**** EXTRACTED MATERIAL ****
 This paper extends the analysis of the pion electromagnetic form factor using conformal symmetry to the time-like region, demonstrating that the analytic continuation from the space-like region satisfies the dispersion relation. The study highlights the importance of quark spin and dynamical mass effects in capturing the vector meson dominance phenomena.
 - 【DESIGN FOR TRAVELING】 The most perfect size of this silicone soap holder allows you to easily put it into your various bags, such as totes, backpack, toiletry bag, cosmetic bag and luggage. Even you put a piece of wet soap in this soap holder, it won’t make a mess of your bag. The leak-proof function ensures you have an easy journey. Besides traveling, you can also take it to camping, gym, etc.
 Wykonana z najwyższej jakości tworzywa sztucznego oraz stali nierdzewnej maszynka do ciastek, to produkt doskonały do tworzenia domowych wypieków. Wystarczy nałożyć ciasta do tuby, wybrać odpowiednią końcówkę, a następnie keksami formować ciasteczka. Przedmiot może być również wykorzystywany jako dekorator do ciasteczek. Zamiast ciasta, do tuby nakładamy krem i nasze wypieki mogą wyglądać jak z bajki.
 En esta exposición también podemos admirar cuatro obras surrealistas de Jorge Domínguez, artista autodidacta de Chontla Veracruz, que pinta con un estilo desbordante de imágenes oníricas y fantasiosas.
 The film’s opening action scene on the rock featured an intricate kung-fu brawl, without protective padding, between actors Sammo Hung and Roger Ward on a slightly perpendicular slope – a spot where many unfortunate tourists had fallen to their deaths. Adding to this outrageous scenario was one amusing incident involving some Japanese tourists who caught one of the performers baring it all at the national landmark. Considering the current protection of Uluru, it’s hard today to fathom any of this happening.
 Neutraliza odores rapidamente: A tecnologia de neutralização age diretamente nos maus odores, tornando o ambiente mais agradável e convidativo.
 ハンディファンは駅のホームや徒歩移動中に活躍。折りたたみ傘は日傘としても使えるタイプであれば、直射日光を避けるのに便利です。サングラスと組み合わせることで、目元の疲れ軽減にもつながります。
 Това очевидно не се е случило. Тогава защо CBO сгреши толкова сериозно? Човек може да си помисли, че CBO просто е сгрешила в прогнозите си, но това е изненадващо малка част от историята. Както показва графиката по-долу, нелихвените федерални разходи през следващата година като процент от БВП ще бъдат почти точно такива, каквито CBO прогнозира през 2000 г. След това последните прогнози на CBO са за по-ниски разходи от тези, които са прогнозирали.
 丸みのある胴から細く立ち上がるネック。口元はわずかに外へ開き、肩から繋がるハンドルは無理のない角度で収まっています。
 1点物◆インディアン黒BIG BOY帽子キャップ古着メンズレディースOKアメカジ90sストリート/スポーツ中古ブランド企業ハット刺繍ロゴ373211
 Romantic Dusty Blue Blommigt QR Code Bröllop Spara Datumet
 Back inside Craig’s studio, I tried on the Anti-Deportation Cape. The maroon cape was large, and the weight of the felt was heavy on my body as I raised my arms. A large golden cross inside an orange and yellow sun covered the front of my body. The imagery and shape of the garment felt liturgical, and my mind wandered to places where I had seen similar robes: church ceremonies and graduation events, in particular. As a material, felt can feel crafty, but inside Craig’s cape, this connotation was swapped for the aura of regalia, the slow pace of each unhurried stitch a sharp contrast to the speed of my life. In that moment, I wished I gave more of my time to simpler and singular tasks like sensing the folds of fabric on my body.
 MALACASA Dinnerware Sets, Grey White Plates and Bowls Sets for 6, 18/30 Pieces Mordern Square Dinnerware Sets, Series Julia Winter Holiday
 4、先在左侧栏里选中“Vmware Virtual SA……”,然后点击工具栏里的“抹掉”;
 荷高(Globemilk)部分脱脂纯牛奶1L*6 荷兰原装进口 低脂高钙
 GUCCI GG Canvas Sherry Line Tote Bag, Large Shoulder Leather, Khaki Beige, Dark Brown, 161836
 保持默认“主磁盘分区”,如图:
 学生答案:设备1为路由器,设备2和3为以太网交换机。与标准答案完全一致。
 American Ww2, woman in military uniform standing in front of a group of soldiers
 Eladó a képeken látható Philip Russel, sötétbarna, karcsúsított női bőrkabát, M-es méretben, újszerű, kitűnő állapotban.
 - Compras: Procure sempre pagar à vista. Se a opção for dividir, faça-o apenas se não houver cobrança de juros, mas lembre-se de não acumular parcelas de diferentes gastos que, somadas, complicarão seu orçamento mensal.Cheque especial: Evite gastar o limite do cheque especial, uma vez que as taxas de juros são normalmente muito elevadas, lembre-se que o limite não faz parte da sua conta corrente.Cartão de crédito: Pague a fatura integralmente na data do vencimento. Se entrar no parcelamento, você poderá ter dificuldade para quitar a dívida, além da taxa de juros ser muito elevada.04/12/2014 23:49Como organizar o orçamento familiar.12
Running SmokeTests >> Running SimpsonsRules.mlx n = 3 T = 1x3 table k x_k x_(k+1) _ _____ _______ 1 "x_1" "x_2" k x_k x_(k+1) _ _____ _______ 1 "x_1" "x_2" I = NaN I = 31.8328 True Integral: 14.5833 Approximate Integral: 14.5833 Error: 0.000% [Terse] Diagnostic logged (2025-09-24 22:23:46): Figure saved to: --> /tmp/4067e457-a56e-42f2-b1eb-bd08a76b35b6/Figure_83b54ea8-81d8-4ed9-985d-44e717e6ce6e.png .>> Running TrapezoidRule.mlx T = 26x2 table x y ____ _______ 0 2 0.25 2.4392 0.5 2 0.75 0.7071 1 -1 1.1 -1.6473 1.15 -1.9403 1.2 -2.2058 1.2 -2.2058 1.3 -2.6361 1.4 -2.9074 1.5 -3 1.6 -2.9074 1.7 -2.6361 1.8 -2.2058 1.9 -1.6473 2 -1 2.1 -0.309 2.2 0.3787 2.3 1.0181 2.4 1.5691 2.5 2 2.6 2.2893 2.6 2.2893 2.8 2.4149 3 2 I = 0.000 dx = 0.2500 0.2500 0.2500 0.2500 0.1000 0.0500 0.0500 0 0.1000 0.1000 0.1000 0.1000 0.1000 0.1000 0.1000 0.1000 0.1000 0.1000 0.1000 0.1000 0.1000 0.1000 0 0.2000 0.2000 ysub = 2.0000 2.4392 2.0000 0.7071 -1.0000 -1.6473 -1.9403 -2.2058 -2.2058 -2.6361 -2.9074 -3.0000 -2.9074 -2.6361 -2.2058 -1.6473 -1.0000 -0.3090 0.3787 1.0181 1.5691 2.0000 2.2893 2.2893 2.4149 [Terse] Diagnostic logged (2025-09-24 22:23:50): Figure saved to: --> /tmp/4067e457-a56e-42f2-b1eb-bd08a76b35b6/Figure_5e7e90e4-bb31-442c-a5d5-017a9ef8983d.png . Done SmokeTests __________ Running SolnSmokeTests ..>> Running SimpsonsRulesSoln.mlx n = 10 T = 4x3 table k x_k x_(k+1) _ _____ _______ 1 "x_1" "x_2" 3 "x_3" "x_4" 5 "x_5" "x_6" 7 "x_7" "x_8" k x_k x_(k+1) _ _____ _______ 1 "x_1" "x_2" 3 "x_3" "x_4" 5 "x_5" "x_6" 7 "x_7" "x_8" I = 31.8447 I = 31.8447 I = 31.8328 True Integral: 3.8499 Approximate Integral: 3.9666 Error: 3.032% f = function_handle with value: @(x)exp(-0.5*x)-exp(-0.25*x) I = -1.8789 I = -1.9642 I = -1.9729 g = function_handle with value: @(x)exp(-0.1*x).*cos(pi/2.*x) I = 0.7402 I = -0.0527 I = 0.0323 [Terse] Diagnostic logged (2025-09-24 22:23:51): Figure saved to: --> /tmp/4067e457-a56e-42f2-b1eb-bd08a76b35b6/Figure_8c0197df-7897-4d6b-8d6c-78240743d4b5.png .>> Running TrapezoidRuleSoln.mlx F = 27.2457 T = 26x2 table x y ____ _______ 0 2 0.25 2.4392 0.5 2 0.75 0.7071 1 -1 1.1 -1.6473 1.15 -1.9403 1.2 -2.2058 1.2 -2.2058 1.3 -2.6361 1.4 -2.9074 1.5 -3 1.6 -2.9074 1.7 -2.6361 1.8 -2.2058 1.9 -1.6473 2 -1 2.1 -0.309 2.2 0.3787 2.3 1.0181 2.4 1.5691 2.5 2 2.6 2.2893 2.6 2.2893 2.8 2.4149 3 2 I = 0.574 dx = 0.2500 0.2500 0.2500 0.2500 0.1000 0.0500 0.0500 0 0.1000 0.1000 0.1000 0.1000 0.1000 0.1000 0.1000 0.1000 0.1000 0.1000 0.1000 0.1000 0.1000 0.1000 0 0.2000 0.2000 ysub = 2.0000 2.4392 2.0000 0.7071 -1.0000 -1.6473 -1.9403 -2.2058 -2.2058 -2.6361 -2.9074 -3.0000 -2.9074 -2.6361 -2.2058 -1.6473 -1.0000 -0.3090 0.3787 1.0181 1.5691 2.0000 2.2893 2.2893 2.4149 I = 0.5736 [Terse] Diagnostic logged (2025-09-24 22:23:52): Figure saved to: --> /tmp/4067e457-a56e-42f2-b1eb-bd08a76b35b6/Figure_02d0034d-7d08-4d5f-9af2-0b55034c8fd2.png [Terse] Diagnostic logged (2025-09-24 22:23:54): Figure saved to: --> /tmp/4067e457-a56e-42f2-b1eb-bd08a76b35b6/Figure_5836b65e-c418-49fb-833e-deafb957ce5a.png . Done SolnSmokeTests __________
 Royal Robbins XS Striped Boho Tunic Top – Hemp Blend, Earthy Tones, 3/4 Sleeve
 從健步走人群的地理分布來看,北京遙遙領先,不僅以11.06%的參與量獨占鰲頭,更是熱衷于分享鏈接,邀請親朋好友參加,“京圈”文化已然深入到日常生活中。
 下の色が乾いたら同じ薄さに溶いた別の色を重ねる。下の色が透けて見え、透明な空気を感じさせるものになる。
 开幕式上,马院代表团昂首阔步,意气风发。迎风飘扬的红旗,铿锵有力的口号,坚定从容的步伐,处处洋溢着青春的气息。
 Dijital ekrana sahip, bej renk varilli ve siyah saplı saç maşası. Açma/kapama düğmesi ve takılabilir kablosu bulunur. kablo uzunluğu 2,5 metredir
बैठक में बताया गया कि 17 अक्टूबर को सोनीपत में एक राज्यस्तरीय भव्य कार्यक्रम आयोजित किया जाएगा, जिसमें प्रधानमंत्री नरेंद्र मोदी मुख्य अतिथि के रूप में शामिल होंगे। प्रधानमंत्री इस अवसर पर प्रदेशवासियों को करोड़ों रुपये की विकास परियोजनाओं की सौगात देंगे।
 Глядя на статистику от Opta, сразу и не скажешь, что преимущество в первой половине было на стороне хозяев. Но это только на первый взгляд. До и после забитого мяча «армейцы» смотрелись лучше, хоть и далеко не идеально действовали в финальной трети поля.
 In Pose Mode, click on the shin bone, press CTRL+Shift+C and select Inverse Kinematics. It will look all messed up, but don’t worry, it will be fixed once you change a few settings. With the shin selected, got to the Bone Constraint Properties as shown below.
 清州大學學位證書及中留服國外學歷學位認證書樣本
****
- TASK TO CARRY OUT: From the records above, copy only the lines starting with the line that holds "- 【DESIGN FOR" and going on through the line that holds "Wykonana z najwyższej", exactly as written.

- SOLUTION:
 - 【DESIGN FOR TRAVELING】 The most perfect size of this silicone soap holder allows you to easily put it into your various bags, such as totes, backpack, toiletry bag, cosmetic bag and luggage. Even you put a piece of wet soap in this soap holder, it won’t make a mess of your bag. The leak-proof function ensures you have an easy journey. Besides traveling, you can also take it to camping, gym, etc.
 Wykonana z najwyższej jakości tworzywa sztucznego oraz stali nierdzewnej maszynka do ciastek, to produkt doskonały do tworzenia domowych wypieków. Wystarczy nałożyć ciasta do tuby, wybrać odpowiednią końcówkę, a następnie keksami formować ciasteczka. Przedmiot może być również wykorzystywany jako dekorator do ciasteczek. Zamiast ciasta, do tuby nakładamy krem i nasze wypieki mogą wyglądać jak z bajki.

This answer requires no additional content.